Furthermore, according to Dr. Frederic Neuman of Psychology Today, how people treat waiters should be considered when choosing a future partner.
How people treat serves then can reveal a lot about one’s personality. There is no question about it. To fully understand the personality traits, one needs to look at two opposite ends of the spectrum, those that treat waiters well and those that don’t. From each behaviour certain personality traits can be infered. This is done this by looking at five categories.
Watch out for people who have a situational value system
“Watch out for people who have a situational value system, who can turn the charm on and off depending on the status of the person they are interacting with” – Raytheon, CEO, Bill Swanson
A persons value system is revealed through their behaviour. Values are something that ultimately determine behaviour and influence the choices people make. Many people have what is known as a situational value system. People with such a value system will treat a waiter badly simply because they perceive the waiter to be in a sub-ordinate role. Their character is constantly changing based on status. It is conditional.
On the other hand, those without a situational value system treat peope well on every possible occasion. Their behaviour is unconditional. Their behaviour is not constantly changing.
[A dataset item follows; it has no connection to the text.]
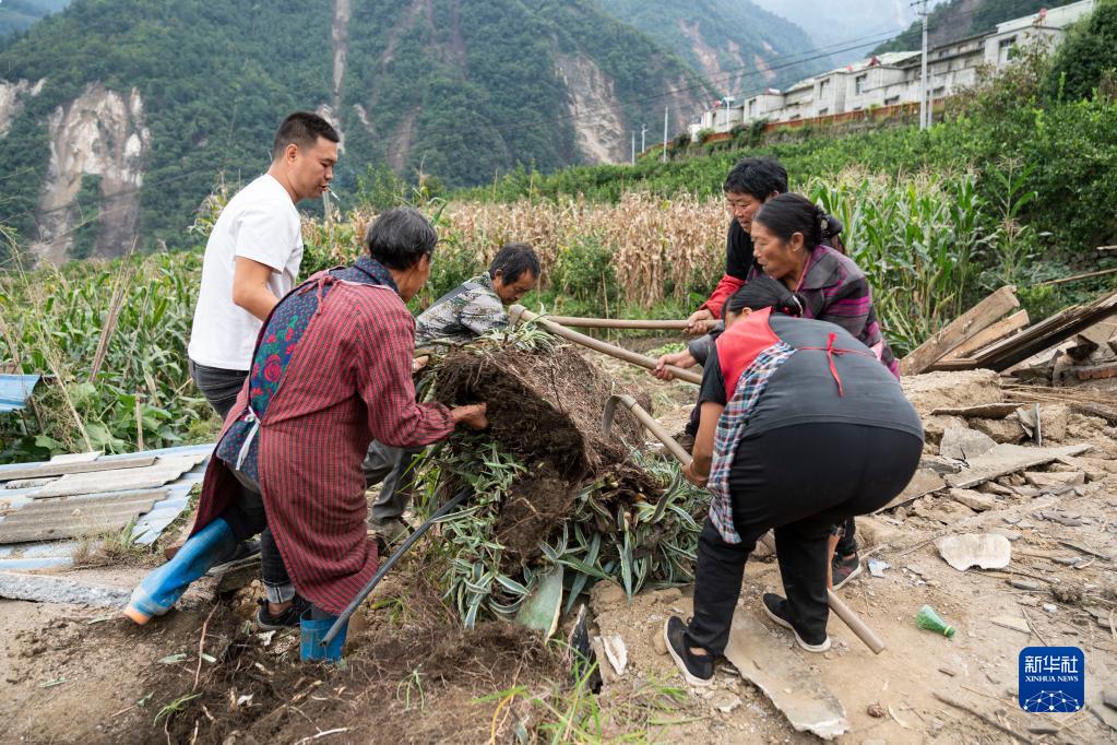9月7日,在雅安市石棉縣王崗坪彝族藏族鄉(xiāng)幸福村二組,村民清理廢墟。新華社記者 才揚 攝
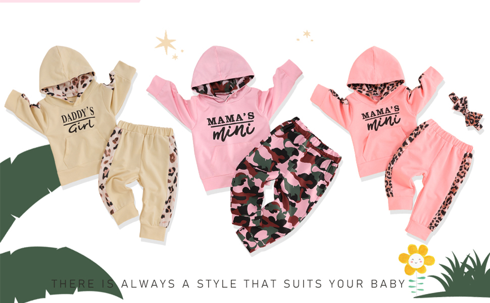❀ Floral pattern hoodie with kangaroo pocket design, variety of colors and prints,elastic waistband pants. Cute toddler floral outfit set will makes your baby girls more lovely.

They accept that every person has a story. The waiter or waitress might be the sole breadwinner, or perhaps they are working two jobs. Maybe they are paying for their studies. Whatever the situation, this type of person remains cognizant of the fact that all humans are equal.
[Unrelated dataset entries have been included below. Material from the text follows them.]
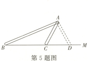 5. 如图,把长短确定的两根木棍$AB$,$AC$的一端固定在$A$处,和第三根木棍$BM$摆出$\triangle ABC$固定,木棍$AC$绕$A$转动,得到$\triangle ABD$,这个实验说明(
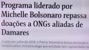 (bleorgh.com) – Pátria Voluntária, programa de governo liderado pela 1ª Dama, sem edital de concorrência, repassou R$401 mil de doações privadas a instituições evangélicas aliadas da dona Damares. O endereço de uma delas, AMTB, é o mesmo da ATINI, ONG fundada pela ministra.
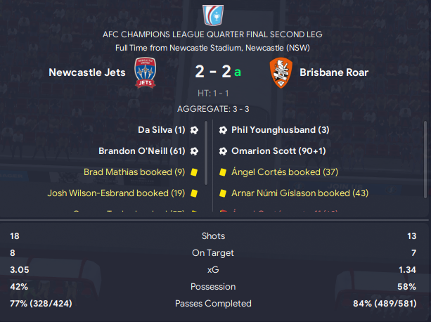 The fixture was won in the first leg. We actually played better in the second leg and they scored two late goals as we crumbled a bit under the pressure. We did enough in Australia though and we are CHAMPIONS OF ASIA. The Pentagon challenge is ONE FIFTH DONE!

Judging vs Understanding Nature
Those that treat waiters poorly the majority of the time have a judging personality. They see the waiter as inferior based on their job role. They speak to the waiter in a condescending manner. Perhaps even snapping their fingers to get the waiters attention.
Those that treat waiters well recognise that everyone has a story to share, not judging a book by it’s cover. They have an understanding nature.
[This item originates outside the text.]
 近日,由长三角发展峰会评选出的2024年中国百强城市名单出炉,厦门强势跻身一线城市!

People who are rude to waiters are not team players
Those people who are rude to waiters and speak in a condescending manner tend to not be collaborative. They are not team players.
Treating servers as equal and always being kind is a signal that they are a team player. Such people will not demand things of others. They show respect and receive this respect in turn.
People who are rude to waiters are not great leaders
Being rude to a waiter indicates that a person cannot earn respect easy. Rather such individuals demand it. This is not a characterstic that one would look for in a leader.
For those on the other end of the spectrum earning respect is easy. This places these people in an ideal position to lead. Indeed how you treat waiters at your local restaurant is something that is discussed in depth in the USA article, with specific reference to it being an indicator of your ability to lead people.
People who treat servers with kindness are compassionate and empathetic
Treating waiters poorly is a sign of a lack of compassion and empathy. On the flip side treating waiters with kindess reveals a persons unconditional compassion and empathy for people as a whole. Not subject to conditions.
Everyone is equal
The behaviors we engage in with waitresses and waiters, how we interact with them, and how we treat them can reveal a lot about a person’s personality. It is important to be cognizant of one’s behavior. Everyone is human. Everyone is equal, no matter the perceived status of their job or role.